The contrast couldn’t be clearer. On one side the crowd had Barabbas, a participant or leader of attempted insurrection who had fought in some way to restore the kingdom of Israel. On the other they had the actual king of Israel, whose eternal kingdom would be ushered in not through inflicting violence but through being afflicted. On one hand they had a legitimate criminal, on the other the sinless Son of God. In this instance we see a choice set before them between the kingdom of man and the Kingdom of God. And Jesus knew which they would choose.

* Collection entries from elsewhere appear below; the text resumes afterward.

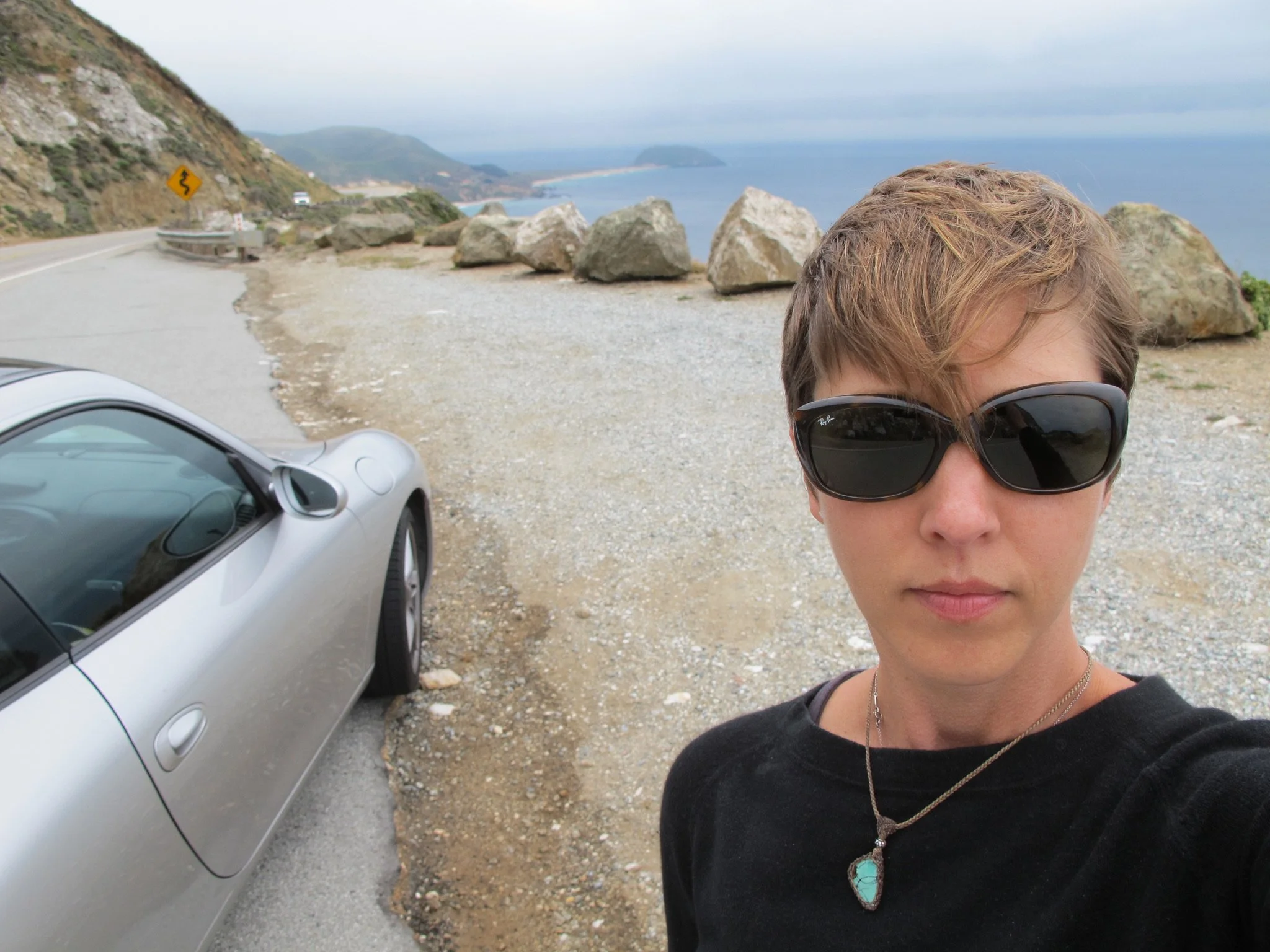 Marnie with her own 2004 Porsche 911 Targa on Highway 1 in California.
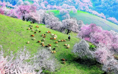 這是大自然獨(dú)有的饋贈(zèng)。這片廣袤的土地上,孕育著壯觀的杏樹群落,更有14世紀(jì)遺留下來的原始野杏林。每年3月下旬,從吐魯番盆地到帕米爾高原再到伊犁河谷,杏花次第開放。它耐旱、抗寒、不懼貧瘠,以頑強(qiáng)的生命力將根系深深扎進(jìn)大地,綻放出明艷繁茂、縱情熱烈的花朵。
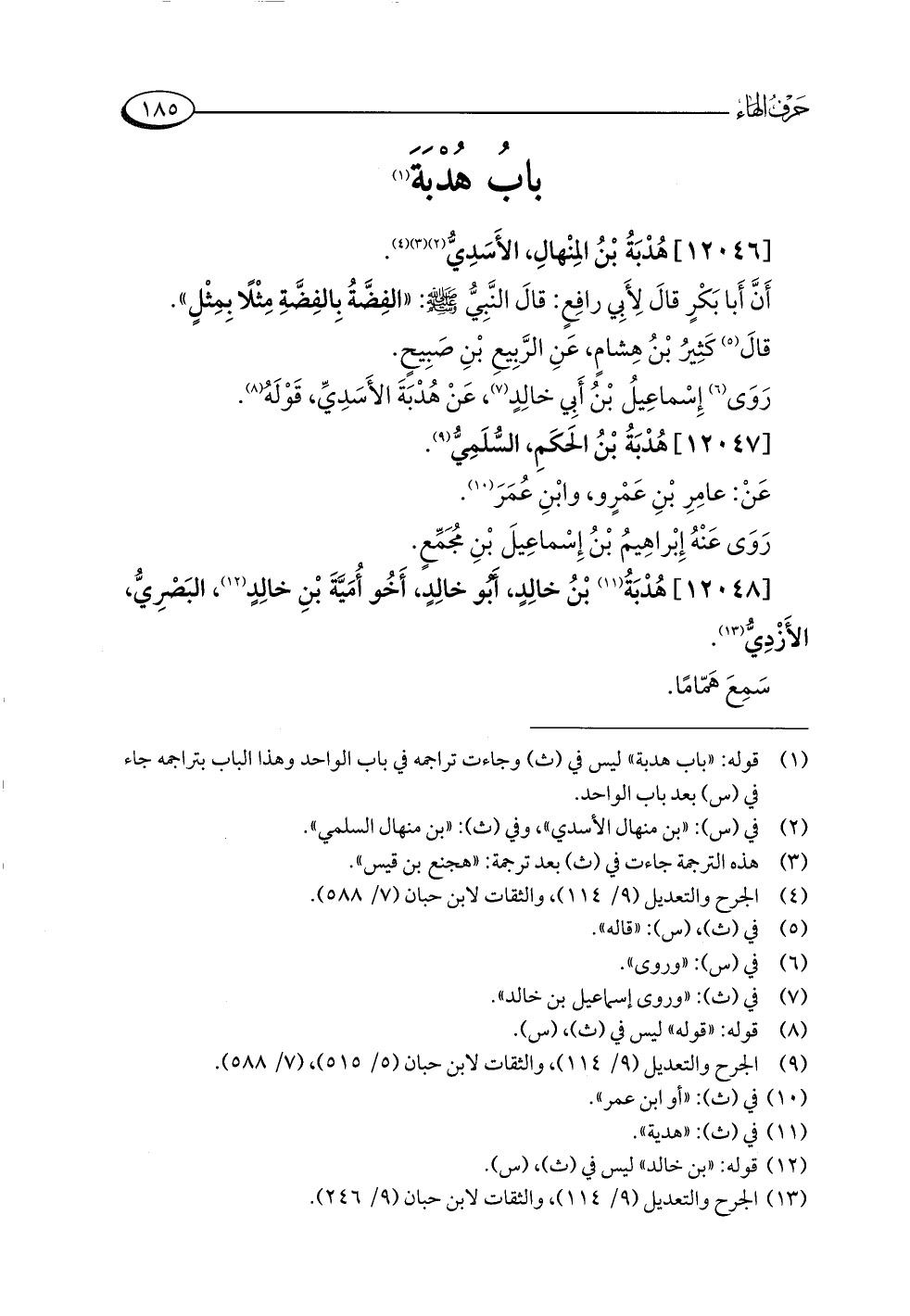 (¬١) قوله: "باب هدبة" ليس في (ث) وجاءت تراجمه في باب الواحد وهذا الباب بتراجمه جاء في (س) بعد باب الواحد.

But we’ll take some time in discussion to think through what this moment was like for Jesus. By this point in the story, based on his confessions (Matt. 16:21, 17:22-23, 20:18), he has known he would suffer death for some time. Most likely Jesus went into this moment with no question in his mind about the outcome. However, consider the toll of such a public rejection, of hearing the crowds whom he has wept over (Matt. 23:37), who welcomed him with cries of “Hosanna!”, shout, “Crucify him!” Here he experienced at the hands of his own people the very thing he wept over. And consider what it was like for him to experience the choice set before his people between the kingdom of man and his own Kingdom. Here was a dramatic portrayal of the whole of human history from Genesis 3 to Jesus’ day, a redux of mankind’s rejection of God and his goodness. Here is the reason Jesus came in the first place, the reason he must inevitably head to Golgotha with a cross on his back: mankind has refused their God and is hopelessly lost in sin.

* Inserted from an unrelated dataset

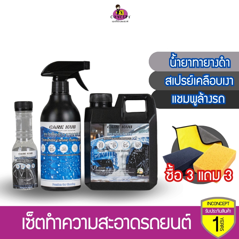 ซื้อ 3 แถม 3 CARE KUB เช็ทล้างทำความสะอาดรถ แชมพูโฟม เคลือบเงา น้ำยาทางยางดำ แถมฟรี ผ้าและฟองน้ำ
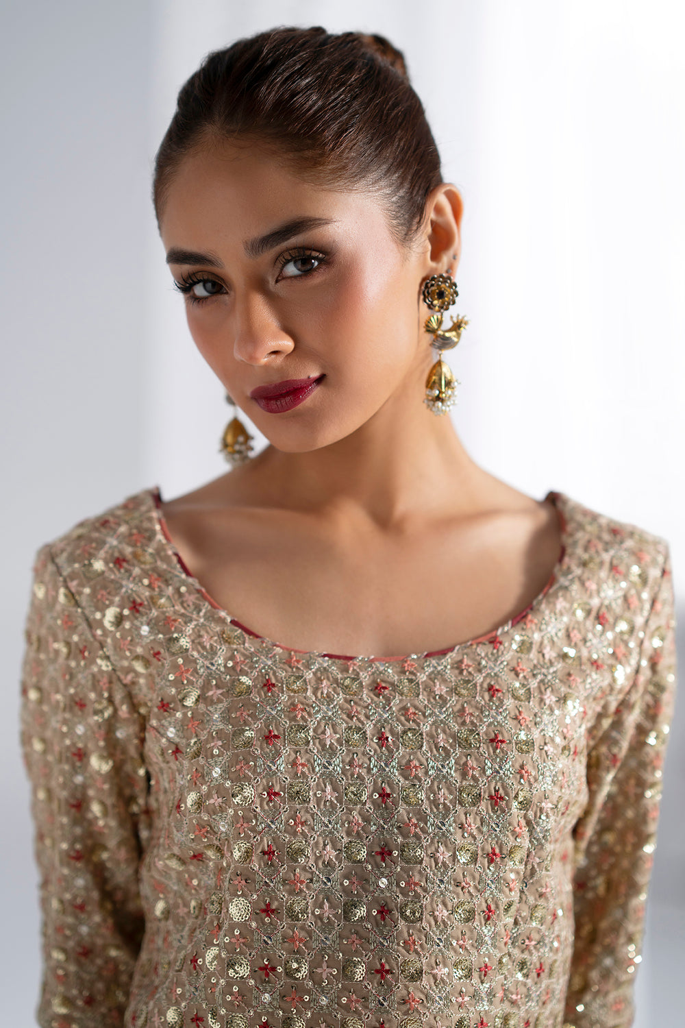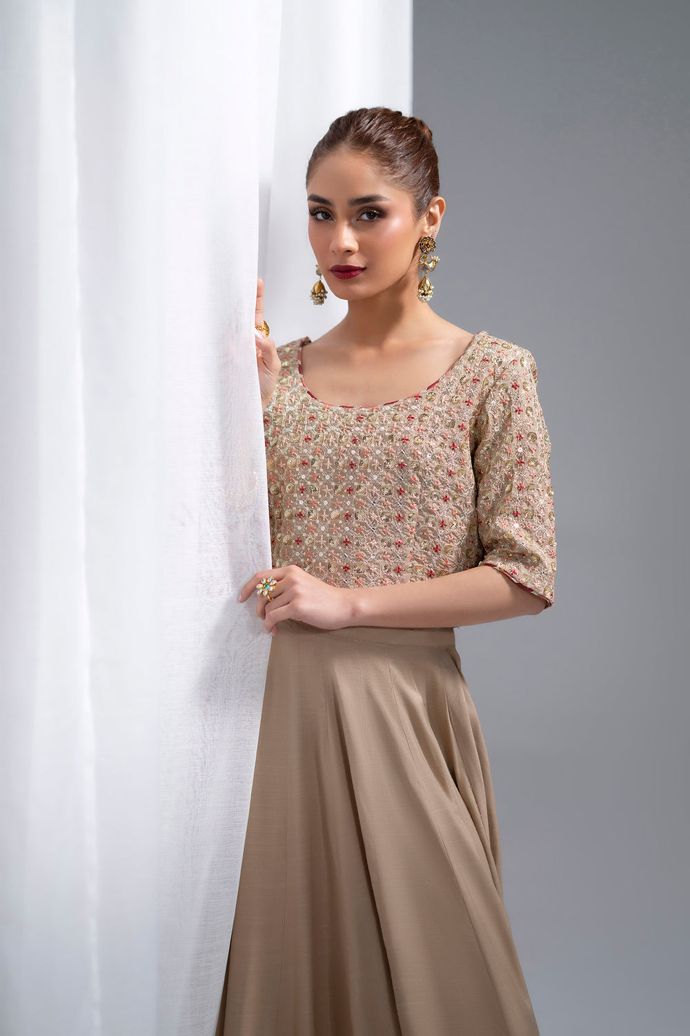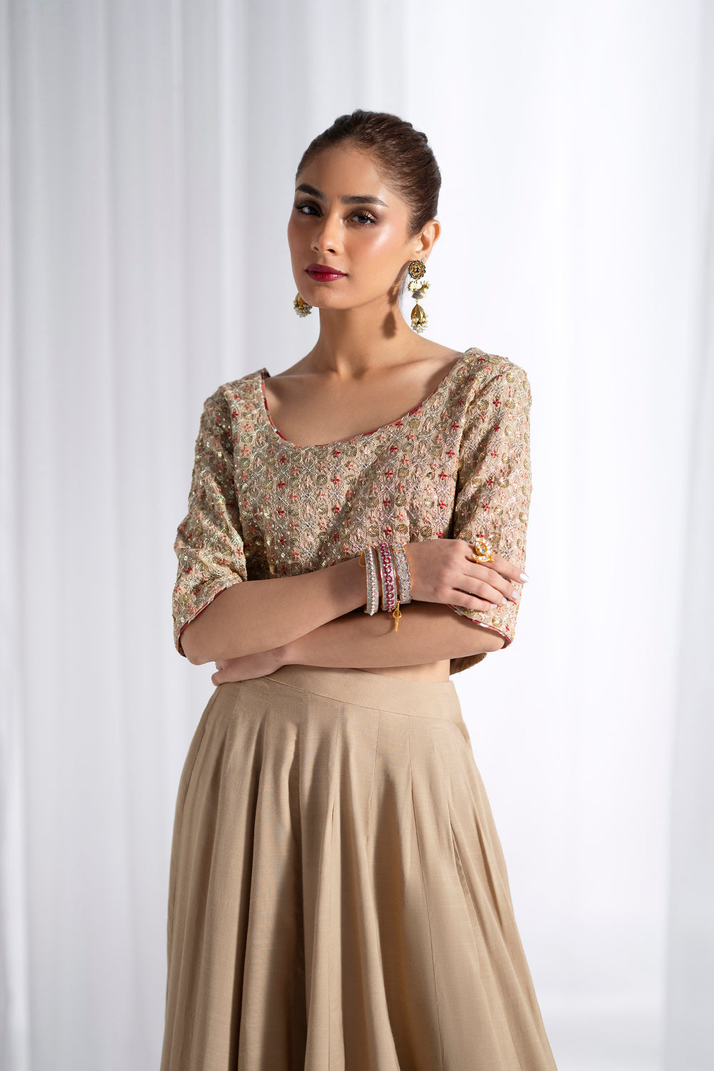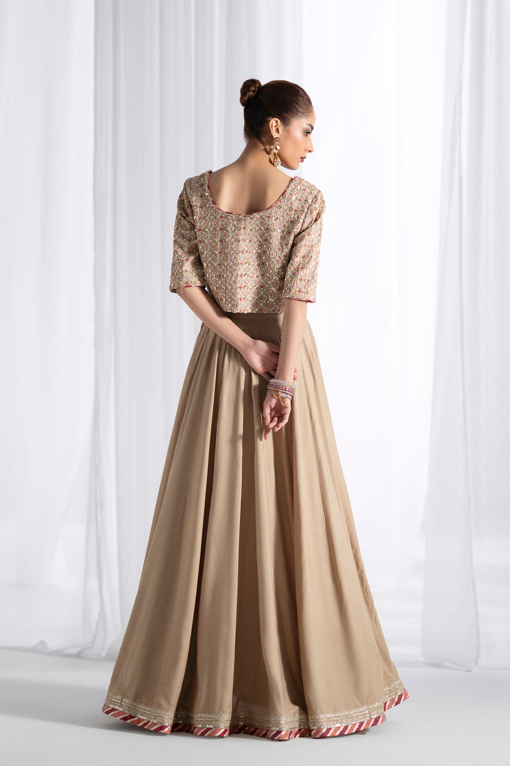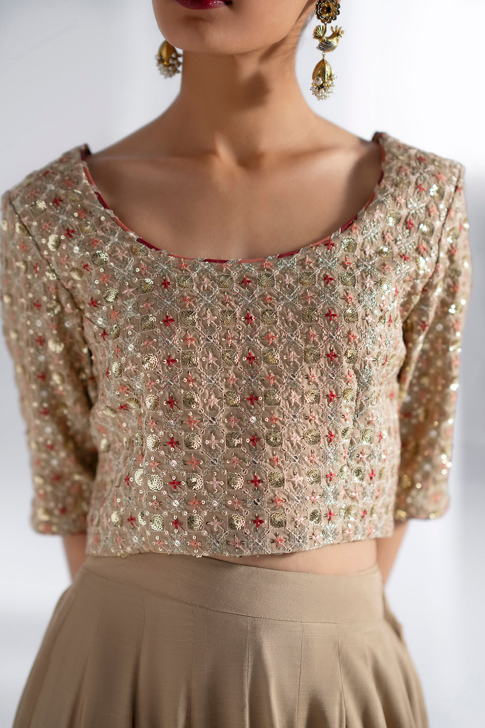 Elevate your festive wardrobe with this exquisite embroidered suit, a masterpiece of traditional craftsmanship. The cropped choli features a gracefully rounded neckline and quarter sleeves, adorned with intricate gold-toned embroidery, sequins, and beadwork that shimmer with every movement. Set against a light gold and beige base, the embellishments create a luminous, celebratory aesthetic. The accompanying floor-length lehenga in soft matte beige provides an elegant foundation, while its hemline showcases striking decorative panels combining bold red accents with gold embroidery and detailed beadwork, making it an ideal choice for weddings, festivals, and special occasions.

Right here is the reason for Good Friday. Jesus will go on to suffer many things, and these all in our place: the injustice, rejection, pain, suffering, insults, loneliness, and more that we ourselves have both suffered and caused others to suffer. All this Jesus bore on the tree ultimately because of our rejection of his rule and reign. At the end of discussion we’ll take a moment to consider what we all would like to gain out of celebrating Easter this year. Whether that’s greater intimacy with God, a greater understanding of Jesus’ suffering, or a renewed faith, our celebration of Easter must always start at the horrible news of Jesus’ rejection and death. But his death in our place is also the wellspring of all our hope because Jesus suffered for us, took our suffering and bore it himself, so that our rejection might be forgiven and so that we might be welcomed into his Kingdom. Here we see weeping to last the night. But joy will come with the morning.
Questions for Discussion
• Can someone read Matthew 27:15-23 for us?

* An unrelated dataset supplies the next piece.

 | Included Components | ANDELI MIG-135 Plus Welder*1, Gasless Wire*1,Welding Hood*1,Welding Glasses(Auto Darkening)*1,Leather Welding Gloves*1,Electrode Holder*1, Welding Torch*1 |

• What stood out to you in the passage?

• What do you think is significant about the injustice of this scene?

• What do you think this moment was like for Jesus?

• Why do you think the people rejected Jesus?

• What emotions does this story stir up in you?

• How does this scene help us better understand Jesus’ suffering in our place?

• Easter is this coming Sunday–what do you hope to gain out of Easter week this year?